Original Research ARTICLE
Structural basis for properdin oligomerization and convertase stimulation in the human complement system
- 1Aarhus University, Denmark
- 2Hospital La Mere Et De L'enfant, France
- 3University of Copenhagen, Denmark
- 4Centre Hospitalier Universitaire (CHU) de Nantes, France
- 5INSERM U1138 Centre de Recherche des Cordeliers, France
- 6Service d'Immunologie Biologique, Hôpital Européen Georges-Pompidou, France
Properdin (FP) is a positive regulator of the immune system stimulating the activity of the proteolytically active C3 convertase C3bBb in the alternative pathway of the complement system. Here we present two crystal structures of FP and two structures of convertase bound FP. A structural core formed by three thrombospondin repeats (TSRs) and a TB domain harbors the convertase binding site in FP that mainly interacts with C3b. Stabilization of the interaction between the C3b C-terminus and the MIDAS bound Mg2+ in the Bb protease by FP TSR5 is proposed to underlie FP convertase stabilization. Intermolecular contacts between FP and the convertase subunits suggested by the structure were confirmed by binding experiments. FP is shown to inhibit C3b degradation by FI due to a direct competition for a common binding site on C3b. FP oligomers are held together by two sets of intermolecular contacts, where the first is formed by the TB domain from one FP molecule and TSR4 from another. The second and largest interface is formed by TSR1 and TSR6 from the same two FP molecules. Flexibility at four hinges between thrombospondin repeats is suggested to enable the oligomeric, polydisperse and extended architecture of FP. Our structures rationalize the effects of mutations associated with FP deficiencies and provide a structural basis for the analysis of FP function in convertases and its possible role in pattern recognition.
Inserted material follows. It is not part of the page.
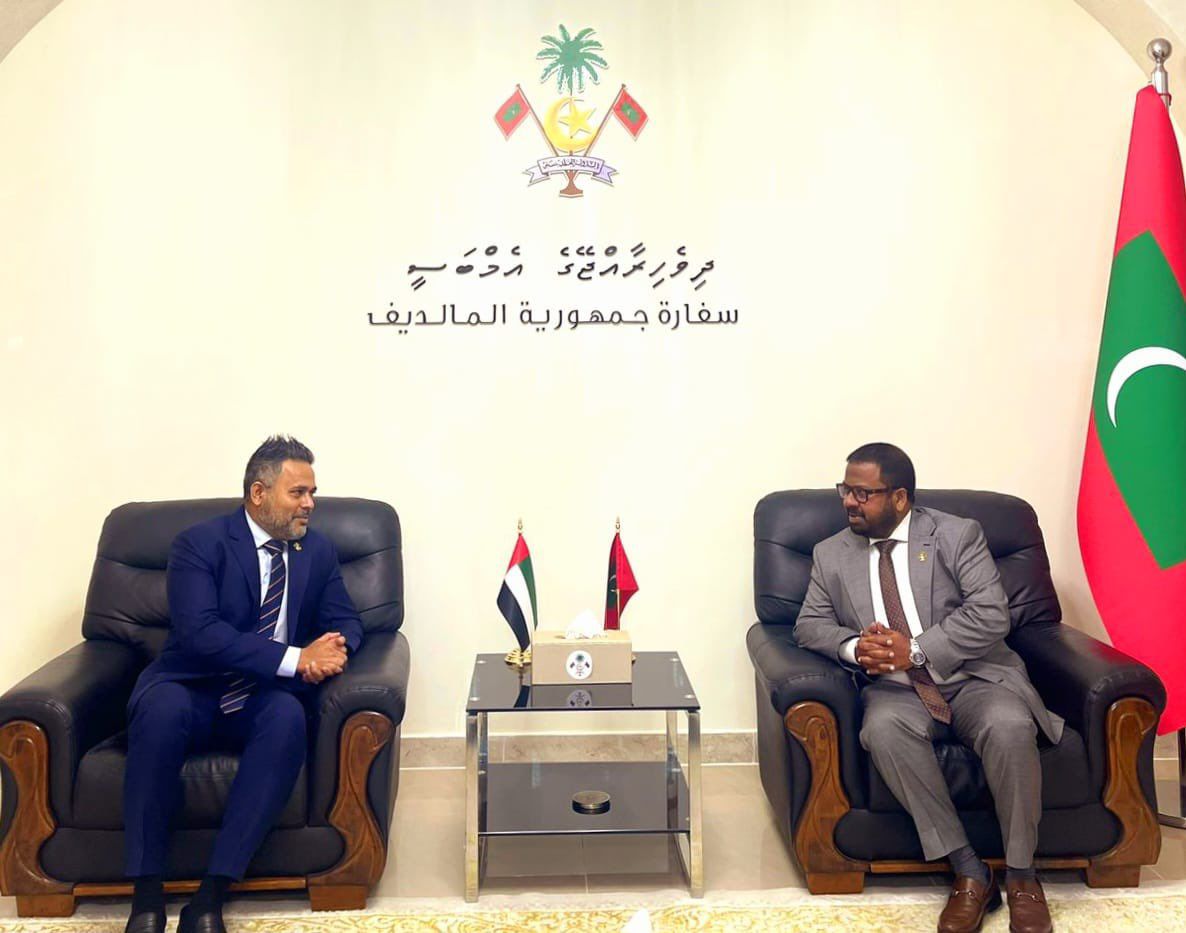 Minister of Fisheries and Ocean Resources, H.E. Ahmed Shiyam visited the Embassy, signed the visitor’s book and met with Ambassador H.E. Mohamed Hussain Shareef and team during H.E.’s official visit to UAE.

Keywords: complement, Convertase, Properdin, Complement component (C3, C4), crystal structure, regulation, factor B
Received: 21 Jun 2019;
Accepted: 07 Aug 2019.
Copyright: © 2019 Pedersen, Gadeberg, Thomas, Wang, Joram, Jensen, Mazarakis, Revel, El Sissy, Vang Petersen, Lindorff-Larsen, Thiel, Laursen, FREMEAUX-BACCHI and Andersen. This is an open-access article distributed under the terms of the Creative Commons Attribution License (CC BY). The use, distribution or reproduction in other forums is permitted, provided the original author(s) and the copyright owner(s) are credited and that the original publication in this journal is cited, in accordance with accepted academic practice. No use, distribution or reproduction is permitted which does not comply with these terms.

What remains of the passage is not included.